On Saturday, May 5, 2018, Buffalo, NY celebrated their 26th annual AIDS walk that brings awareness and honor to those who have lost the fight, and to those who suffer from the terminal disease. In attendance was PharmaCannis dispensary sharing the knowledge on how cannabis can help patients suffering from the virus and from retrotherapy side effects.
Cannabis relieves a myriad of symptoms brought on by the HIV/AIDS virus and also helps quell the side effects of the current Antiretroviral therapy. This therapy prevents the multiplication and spread of the virus throughout the body, but also has side effects ranging from nausea, bone loss, fatigue, insomnia, anxiety, and lipodystrophy. Cannabis fights nausea, increases the activity of osteoblasts, can reduce fatique, insomnia, and anxiety, and can regulate the metabolism.

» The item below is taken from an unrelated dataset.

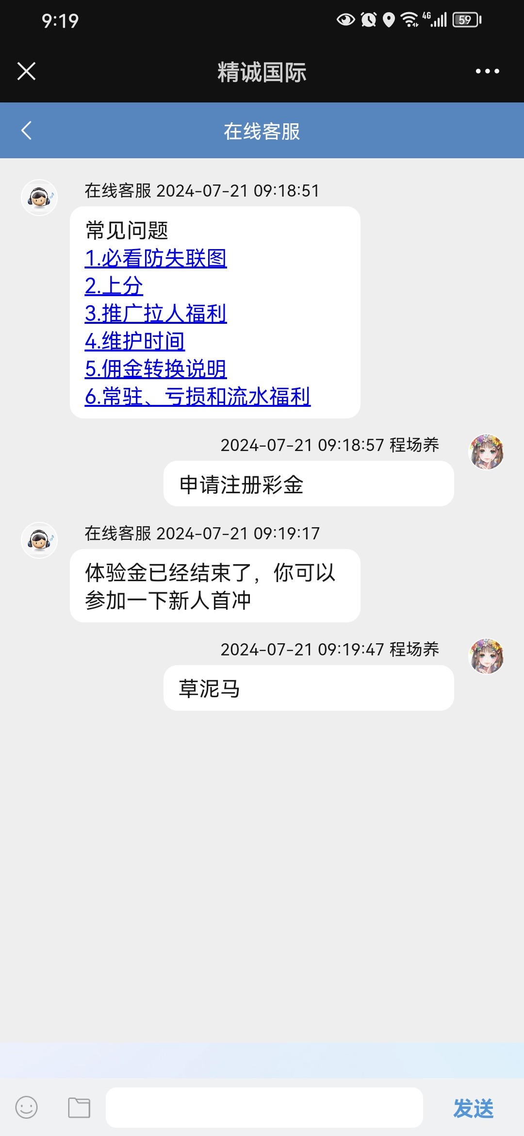 领取找在线客服发送领取体验金人有点多客服回复有点慢,耐心等待
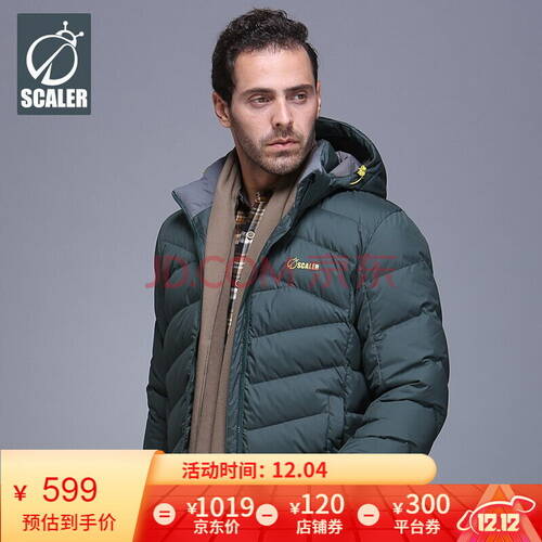 4號:思凱樂SCALER戶外冬季連帽鵝絨羽絨服情侶款,券后599包郵2020-12-03

It is seen that a significant amount of HIV/AIDS patients self-medicate with cannabis, this has encouraged multiple studies to be performed with cannabis and HIV patients. In 2008 a phase II, double-blind, placebo-controlled, crossover trial of analgesia with smoked cannabis in HIV-associated distal sensory predominant polyneuropathy (DSPN) was completed. Results show that pain relief is greater with cannabis than with the placebo. Mood and daily functioning improved to a similar extent during both treatment periods. In this randomized clinical trial, smoked cannabis at maximum tolerable dose (1–8% THC), significantly reduced neuropathic pain intensity in HIV-associated DSPN compared to placebo, when added to stable concomitant analgesics. Using verbal descriptors of pain magnitude from DDS, cannabis was associated with an average reduction of pain intensity from ‘strong’ to ‘mild to moderate.’ Also, cannabis was associated with a sizeable (46%) and significantly greater (vs. 18% for placebo) proportion of patients who achieved meaningful pain relief. Mood disturbance, physical disability, and quality of life all improved significantly for subjects during study treatments, regardless of treatment order.
A study published in 2014 titled "Modulation of Gut-Specific Mechanisms by Chronic Delta 9-Tetrahydrocannabinol Administration in Male Rhesus Macaques Infected with Simian Immunodeficiency Virus: A Systems Biology Analysis" This seventeen month study reviewed the effects THC had on monkeys infected with an animal form of the virus. Scientists found that damage to immune tissue was decreased. “These findings reveal novel mechanisms that may potentially contribute to cannabinoid-mediated disease modulation,” Dr. Patricia Molina, the study’s lead author, wrote. The report goes on to explain that while HIV spreads by infecting and killing off immune cells, the monkeys that received the daily THC treatments maintained higher levels of healthy cells.
A more recent study publishd in the Journal of Acquired Immune Deficiency Syndrome (JAIDS), found that THC might be able to prevent HIV from becoming full-blown AIDS. A consequence of Human Immunodeficiency Virus-1 (HIV) infection is a decrease in both pDC (Plasmacytoid dendritic cell) number and function, but prolonged pDC activity has been linked with progression from HIV infection to the development of AIDS. THC can suppress pDC function during the early host antiviral response by dampening pDC activation; this prevents the condition from worsening. Not only may patients reduce their symptoms of side effects from this terminal illness, but cannabis may also help prolong or save their lives.